I recall very clearly the first time I listened to this Gospel reading. I must have been between 5 and 7. I have accompanied my grandmother to St. Simon's church in Velloor, near Kottayam. (The photo of recently remodeled church is on the cover of this issue.) This church, being beside Kottayam-Kumily Road, was very convenient to access; so my grandmother who was very old at that time (must be in her 80s) and had difficulty walking, attended this church on ordinary Sundays.

As a kid, I was wondering listening to the long questions asked by Pharisees and priests to the healed blind man and to their parents; they almost annoy you. Makes you wonder, what is wrong with these people? Isn't it enough that a man who was born blind could see the world for the first time. Isn't it time to organize a thanksgiving service to God for this miracle than trying to find fault with the person who was healed and his parents undergoing a miracle in the Sabbath.

John's discourses are long and are often very difficult to understand. The style of presentation is very different than the synoptic gospels of Mark, Matthew and Luke. But then John's writing is often like a Ph D. dissertation. It is well researched, has little details like where it happened etc. (When archeologists dig the area, John's descriptions come out handy in identifying the artifacts.) So, for study, it gives a gold mine of information; but the first time it is hard to read or understand, not to speak of standing and listening to the Gospel being read by an elderly priest in broken sentences on Sunday morning.

Meditating on this biblical passage nearly 60 years after I first recall hearing it, the first impression I have is the victim mentality of Jewish people at that time. According to Pharisees, when someone is handicapped, it is due to sin his parents committed or he has committed and it is God's way of punishment. So, the victim, rather than being comforted is being more traumatized. Most of these people are treated as outcasts and marginalized. [Recall the leper we read about on the 2nd Sunday.] Where is the compassion?

To this society, the son of God appears. What a welcome change! We see in several of the miracles, Jesus telling the person that his/her sins are forgiven. Of course, the priests will jump up and object to it saying that only God can forgive sins. What they didn't recognize was that God was in front of them at that time healing the sins. In a society where women are treated like slaves with no rights, Jesus showed respect to both sexes as both women and men are created in the image of God.

Jesus knew that, in addition to bodily healing, these victims also needed emotional healing. We call it holistic healing or healing of mind, body and spirit. They have to be cleansed of all the real and perceived sins and has to be "reborn." What they need is some unconditional love and compassion and reminded that God loves them.

One thing different about today's healing compared to others we study during the Great Lent is that this miracle involved Jesus spitting on the soil, making a mud out of it by mixing the spittle and the clay and then pasting the mud over the eyes of the blind man.
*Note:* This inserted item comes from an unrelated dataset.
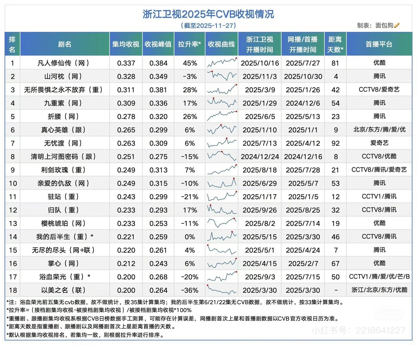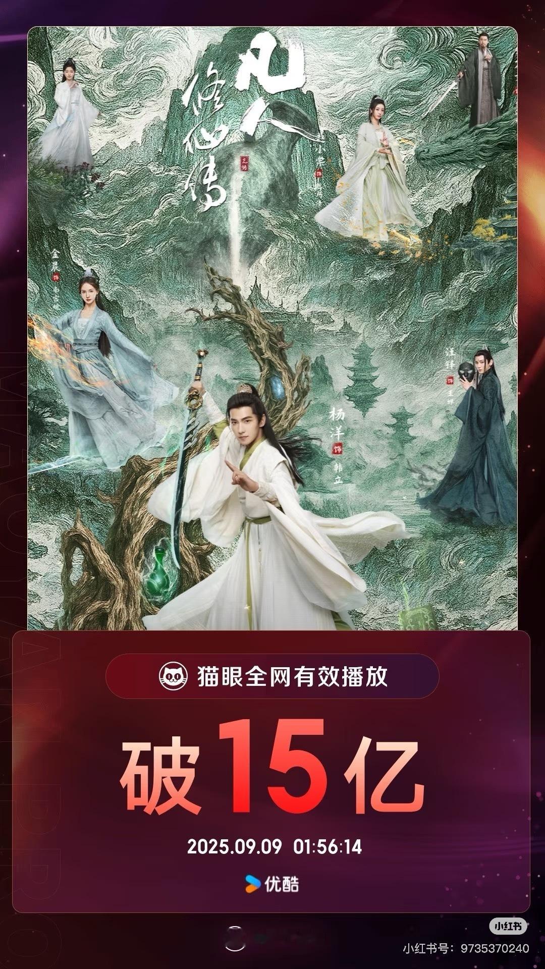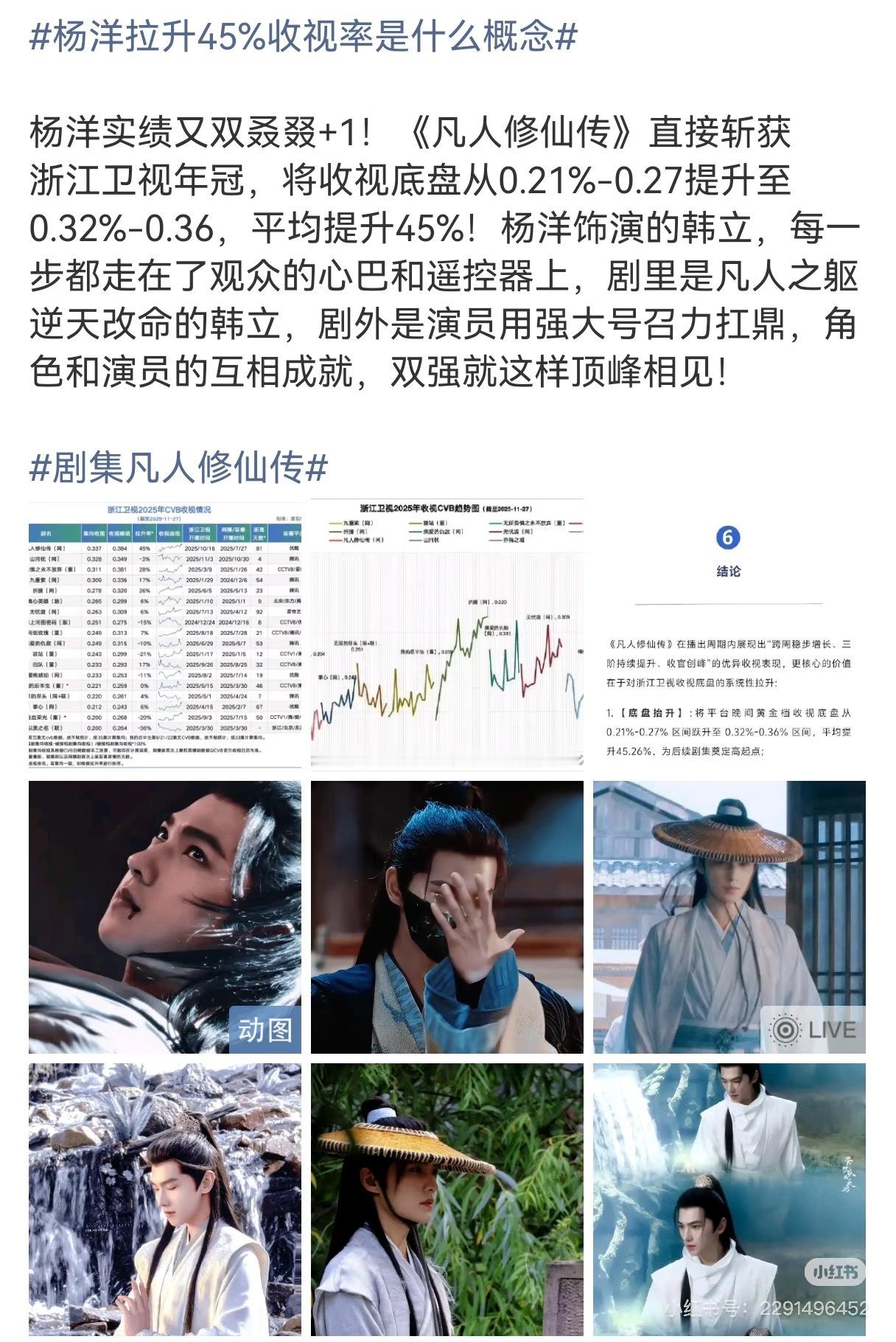 什么叫超长长尾效应,集均和收视可以直观的反映,数据来看凡人收视有三牛。第一牛在三天破万。7月27日首播,7月29日下午就轻轻松松破万了,也就是从首播到破万只用了50个小时。不靠CPU粉丝不靠反复💦数据靠自来水观众和强大的路粉盘三天破万超轻松,更爽的是这只是一个开端。第二牛在集均疯狂增长。9月9号有效播放15亿,集均五千。10月11号有效播放17亿,集均六千。站在非专业角度的我对这个数据最浅薄朴素的理解是,观众因为打心底认可觉得好看,所以自主搜索反复观看,表现出来就是过了宣传期集均还在酷酷增长。第三牛在收视线性拉升。回归最朴素的遥控器断层拉高浙江收视45%,从底盘拉到年冠,果然强者从不抱怨环境,专挑困难模式。数据最客观,观众多少、是否买账一眼就能看出来。因为喜欢看所以反复观看反复讨论,这样的观看和讨论自然而然就盘出了热度和二次返场。观众给杨洋的韩立干到返场了

Jesus then asked the blind man to go to the pool of siloam (which means 'sent') and wash the mud off his eyes. Obviously there was quite lot of work was involved. Jesus could have just touched him and healed him or healed him with a word like he did with others like the paralytic. So, I wonder, why all these elaborate arrangements?

First, Jesus told the disciples that this person's blindness has nothing to do with the sins committed by him or his parents (contrary to what is taught by Pharisees). So, why is he blind? Jesus said that it is so that the work of God can be manifested through him. Can you imagine how relieving that is to his parents? They were blaming themselves for the condition of their child all these years. A savior comes and tells them it is OK. Jesus said the same thing when confronted with the sufferings or death too. So, everything we face in life has a purpose for God. God has a plan for us. If we surrender to the will of God and let him do what was His plan, we would find meaning in our lives. Just like the blind man, do not try to understand what is the purpose of God, just do what God tells us to do. We will see the majesty of God manifesting in our lives.
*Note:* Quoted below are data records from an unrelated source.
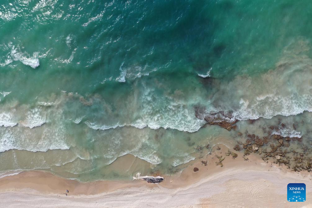 This aerial photo taken on Aug. 28, 2023 shows the carcass of a 10-meter-long sperm whale on Ga'ash Beach, to the north of Tel Aviv, Israel. (Photo by Gil Cohen Magen/Xinhua)
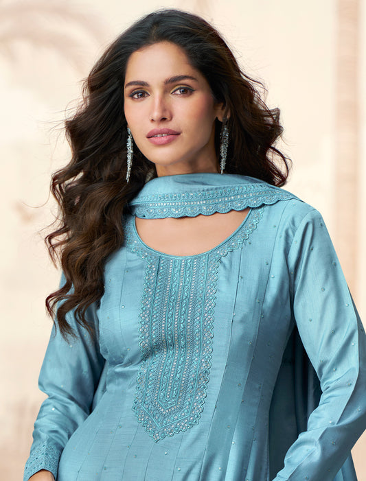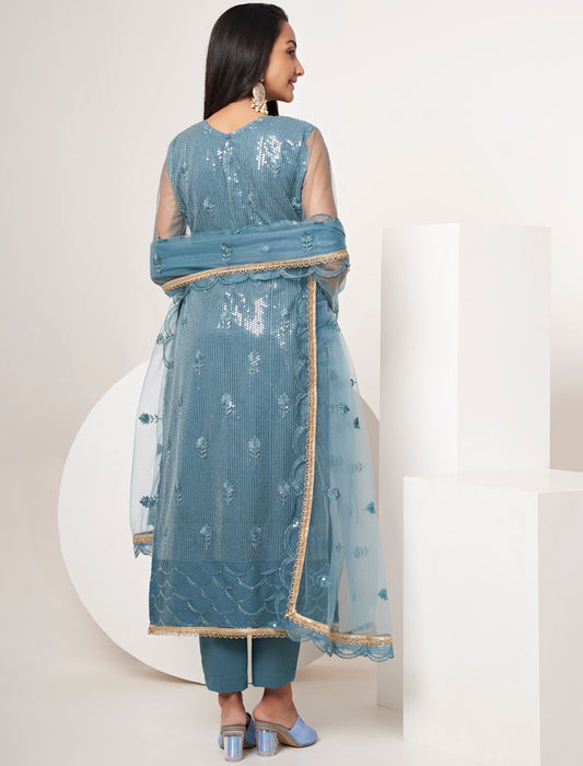 Blue Butterfly Thread Work Ethnic Semi Stitched Women Salwar Suit With Sequence Embroidery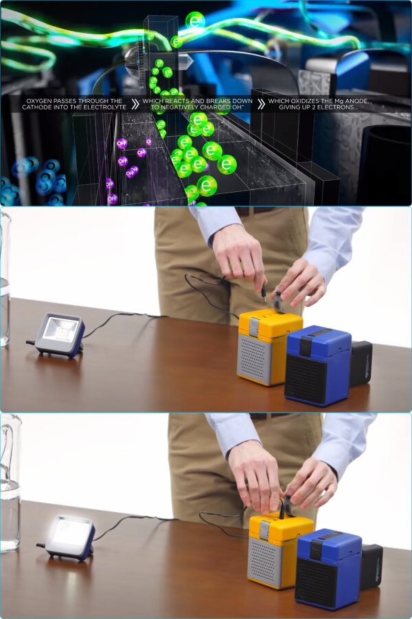 Уходя в поход или собираясь на пикник, не забудьте захватить с собой в дорогу небольшой топливный элемент, т.е. портативный энергогенератор. Мощность у него небольшая, но он вполне пригоден для зарядки телефонов (от 5 до 10) и работы светильников (от 50 до 100 часов работы в зависимости от освещённости) – всё это может обеспечить всего один комплект зарядных пластин.

Dr. Ray Pritchard explained this concept well:

"When we want what God wants, when we surrender our will and our agenda, when his purposes become our purposes, then our lives will be dramatically changed, and we will find purpose and meaning in everything that happens to us. Life becomes an adventure with God every day. When that happens, our lives become joyful, visibly different, and eternally significant."

Theological experts also suggest that the working with mud was a creation process. Remember God created Adam by first making a model in mud and then blowing the spirit into him. Here, Jesus spat on the clay, mixed the spittle with the clay and anointed the eyes of the person born blind. Was Jesus creating a new 'eyeball' for the blind man using the same mud we are all (and the blind man too) is made of? So, what we were observing in this miracle is the Lord's power of creation being manifested in this blind man.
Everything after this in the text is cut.